How to complete this task:
Copy exactly the lines of the records below, starting at the line that contains "Военнослужащие РОНА в Варшаве" and continuing through the last line, both included; omit any pictures.

(Records Opens)

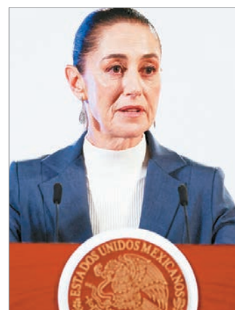
"No aceptamos una intervención de ningún gobierno extranjero", declaró Claudia Sheinbaum

"Ellos han entendido, tan es así que el entendimiento que tenemos con ellos es de colaboración y de coordinación y los primeros puntos quedan muy claros: el respeto a la soberanía, el respeto a nuestra territorialidad y que hay colaboración y coordinación sin subordinación", afirmó. Vale remarcar, que desde septiembre, el ejército estadounidense ha destruido una veintena de lanchas en el Caribe y el Pacífico, cerca de Venezuela y Colombia, matando a más de 80 personas.
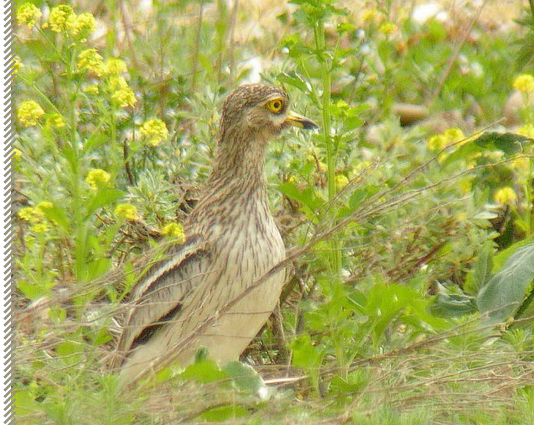
Oedicnème criard

Rédaction : Jean-Philippe Paul – mise à jour : avril 2011
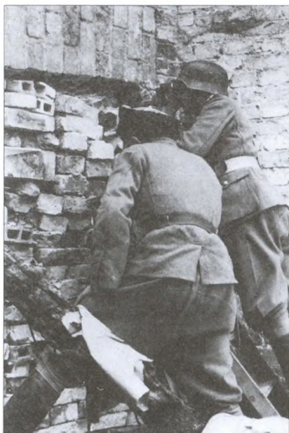
Военнослужащие РОНА в Варшаве
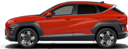
Soultronic Orange Pearl nicht verfügbar für Benzin und N Line
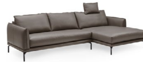
WK 594 OSLO
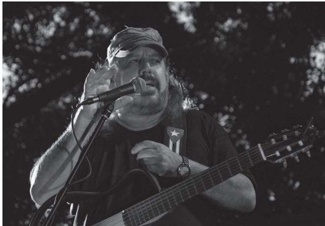
Igande honetan, Kubako doinuak nagusi izango dira Sutegin.

Izen-ematea: 650usurbilbizi.eus. 12:00etan Sutegin.

(Records Closes)

Solution below:
Военнослужащие РОНА в Варшаве
Soultronic Orange Pearl nicht verfügbar für Benzin und N Line
WK 594 OSLO
Igande honetan, Kubako doinuak nagusi izango dira Sutegin.

Izen-ematea: 650usurbilbizi.eus. 12:00etan Sutegin.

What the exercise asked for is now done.